Satyapriya Tirtha (c. 1701 – c. 1744) was an Indian Hindu  philosopher, guru, scholar, yogi, mystic and the pontiff of Uttaradi Math, a math dedicated to Dvaita philosophy. He was the successor of Satyavijaya Tirtha and the 24th pontiff of Uttaradi Math from 1737—1744.

Biography
Most of the information about Satyapriya Tirtha's life is derived from the hagiography, Guruvamsakathakalpataru authored by Bhimadaivajna of Bijapur. Satyapriya was born with a Sesha- amsa. Satyapriya Tirtha was born as Garlapad Ramacharya in 1701 in Raichur. Satyapriya Tirtha was initially given ashrama by Satyapurna Tirtha. When Sri Satyapurna Tirtha fell ill, and Sri Satyapriya Tirtha was on tour to propagation of Dvaita Philosophy, he ordained sanyasa to Satya Vijaya Tirtha. After 11 years reign as peetadhipathi of the Pontificate he made over the Samsthana to Satyapriya Tirtha.
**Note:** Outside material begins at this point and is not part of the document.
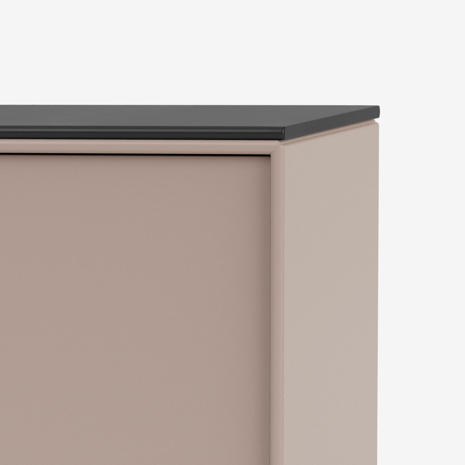 這款適用于 Montana 系統的矩形頂板寬度為 174.9 厘米,深度有 30、38 和 46 厘米可供選擇。頂板由 12 毫米 MDF 水性漆制成,具有圓形前邊緣和后邊緣以及直端邊緣,以便兩個頂板對齊。當頂板必須覆蓋多個單元時,每單元額外計算 1 毫米。蒙大拿州 40 種水性漆顏色可供選擇。在模塊和頂部面板上組合兩種不同的顏色以獲得更大膽的外觀,或者通過將模塊和頂部面板組合為相同顏色來創建更平靜的外觀。

From that time onwards Satyapriya Tirtha began to call Arani by the name Satyavijayanagaram. Satyapriya Tirtha served the pontificate for seven years. He died in 1744 and his mortal remains are enshrined in a mutt in Manamadurai. Satyapriya Tirtha was succeeded by Satyabodha Tirtha

Works
Satyapriya Tirtha composed six major works, most of them are commentaries on the works of Madhva, Jayatirtha and Vyasatirtha and a praise poem.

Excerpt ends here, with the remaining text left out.